La plupart des gens ont au moins un rhume chaque hiver. Moi, non (je ne me plains pas! Pas du tout!). Ce que j’attrape chaque hiver, moi, c’est plutôt une… cataloguite. Aigüe. Suraigüe. Les catalogues de semences arrivent avant Noël (pas fous, hein) et continuent d’arriver ensuite, et moi je manque de me noyer dans la salive que je produis involontairement devant tant de couleurs, de formes, de… ah. Que. C’est. Beau! En plus il fait gris et blanc dehors (c’est mieux que gris-blanc-brun), alors…! Ouin, bon. Ça se soigne, une cataloguite. Ou du moins, ça se gère! Là je suis dans la phase de déni, qui précède l’arrivée des catalogues. C’est la phase où je me dis Bah cette année, rien, je n’ai besoin de rien. Et pendant que dure cette phase-là, je me crois. (Mais [évidemment!] cette année, c’est vrai, vous savez. Pas comme les précédentes…)

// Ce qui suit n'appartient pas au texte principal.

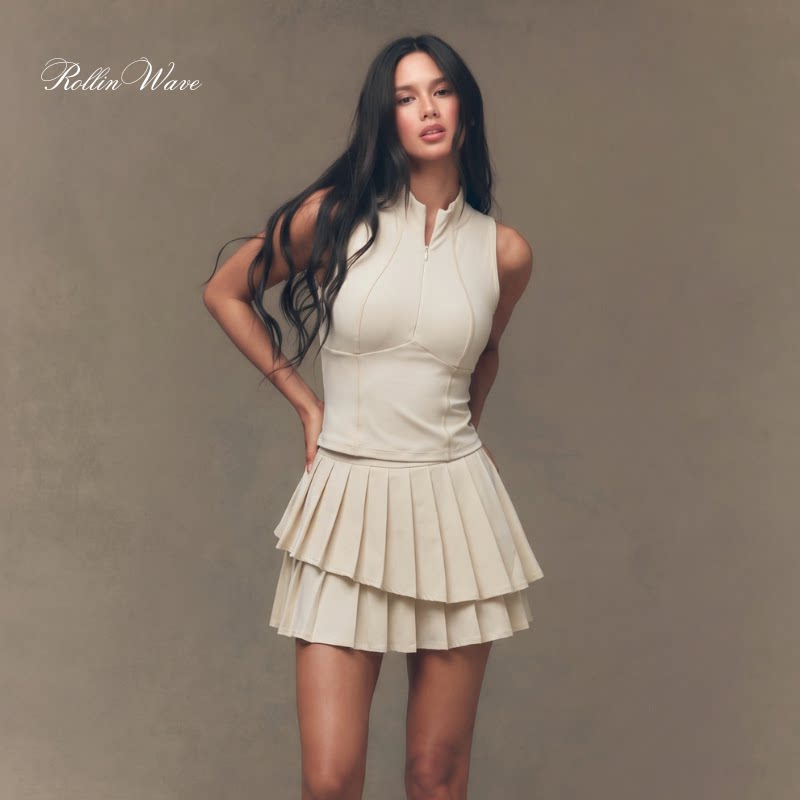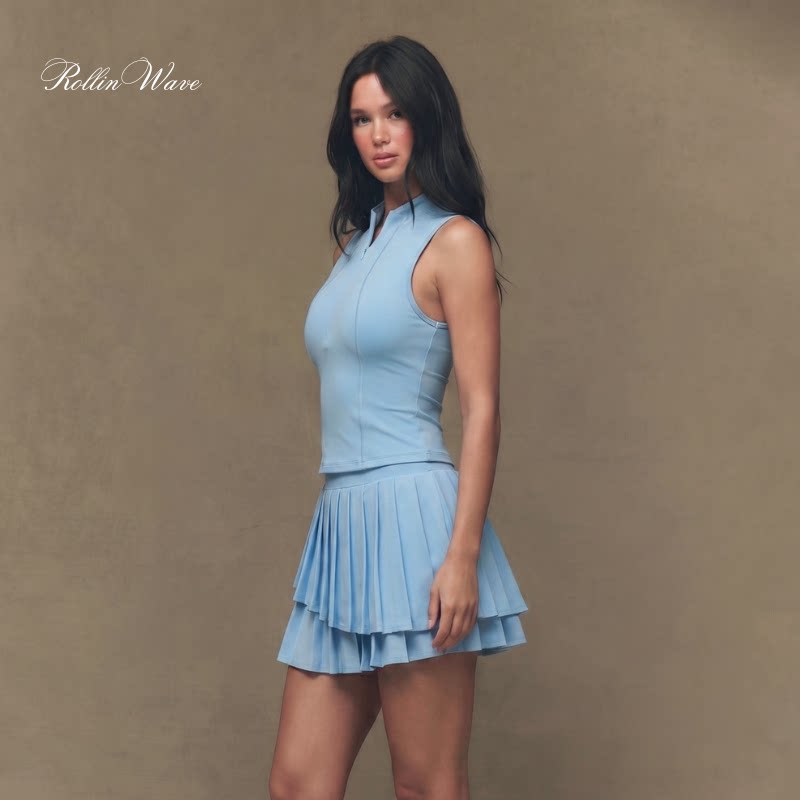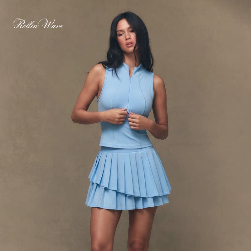 📚 rw042 塞壬上衣双层蛋糕开花裙套装带胸垫打底裤网球裙套装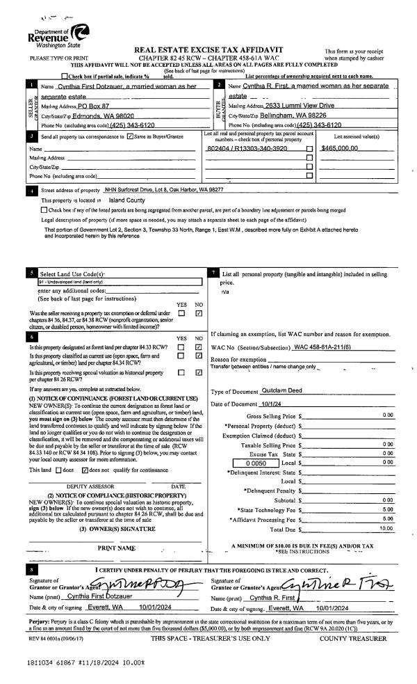 | Mailing Address: | 2678 OLYMPIC DR OAK HARBOR, WA 98277 | % Ownership: | 100.0000000000% |

Bon. Pour le moment, voici la saponaire rose, ou saponaire de Montpellier (Saponaria ocymoides, rock soapwort). Elle est magnifique sur mes photos, mais ce sont des photos de 2017, année du semis (transplanté, comme vous le voyez). Cette année elle a pâti, ma jolie, et elle aura besoin d’aide pour revenir l’an prochain, je crois (trop à l’étroit, peut-être). Car elle est vivace. Et voilà la forme que ma cataloguite avait prise en 2017: c’était une cataloguite… vivace.
Ma cataloguite annuelle (mais parfois vivace, si vous me suivez) a le don de se jumeler à une autre affliction: l’amnésie hivernale. Quand le terrain est couvert de tant de neige qu’on ne voit plus les tuteurs laissés en place, je me mets à avoir des lubies. Je m’imagine, dans un espace-temps nébuleux (vous savez, avec un peu de brume dans chaque coin, histoire de créer un effet de vignette vieillot?), ni passé ni futur, en longue robe fleurie, semant à la volée des graines quasi magiques en dansant, mes pieds frôlant à peine la verte prairie… et c’est LÀ que je clique pour passer à la caisse avec mes semences. En pleine amnésie, oubliant com-plè-te-ment que chez nous, la «saison» des semis, le moment entre la fonte de la neige et le début des grandes chaleurs avec arrivée massive de mouches et de maringouins, ça dure… environ 45 secondes. Bon j’exagère: 45 minutes, au moins.
Quand je lis, en hiver, dès que le sol peut se travailler, je me vois bien habillée, les mains dans un sol meuble et frais. La réalité c’est qu’au moment où le sol devrait pouvoir être travaillé, eh bien… le pied de neige par-dessus est pas d’accord du tout. Bref la saponaire? Dans mon délire (revoyez la robe longue qui volette au vent, tralali tralala), je me voyais (le ridicule ne tue pas) l’utiliser en passant, comme ça, après une séance de désherbage. J’allais tout simplement me mouiller les mains et me les frotter de saponaire (vraiment, là, elle savonne! ça au moins c’est pas du délire!), enlevant délicatement les résidus de mon labeur (tralaleur!).
Revenons à la réalité, puisqu’il le faut parfois. J’ai planté ma belle saponaire, je l’ai admirée, je l’ai divisée (et ma chatte a tué mon beau pot qui reprenait en grand), et je n’y ai plus retouché. Voir que je vais me laver les mains en plein jardin! De un, y a pas de point d’eau là. De deux, quand je passe à côté de ma saponaire, j’ai les bras pleins de récoltes ou de vêtements (mes enfants pensent que le gazon à côté de la piscine est magique: ils n’ont qu’à y laisser des tas de vêtements pour les retrouver pliés et lavés quatre jours plus tard…). La saponaire, je lui dit salut en passant, et… je passe!
N’empêche qu’elle est vraiment jolie, avec ses petites fleurs, et que j’espère la multiplier l’an prochain. Elle tapisserait une rocaille (je n’en ai pas), alors je vais la laisser s’éparpiller en couvre-sol, je crois. (Et cesser de me faire des illusions? Là, c’est beaucoup demander à une pauvre femme atteinte de cataloguite récurrente!)
Tu m’as fait rire là! On a des rêveries semblables, il semblerait…
Des fois j’oublie que je suis drôle. (D’autres fois je le suis pas, mais bon hein tsé. Et d’autres fois encore, ça sort tout croche.)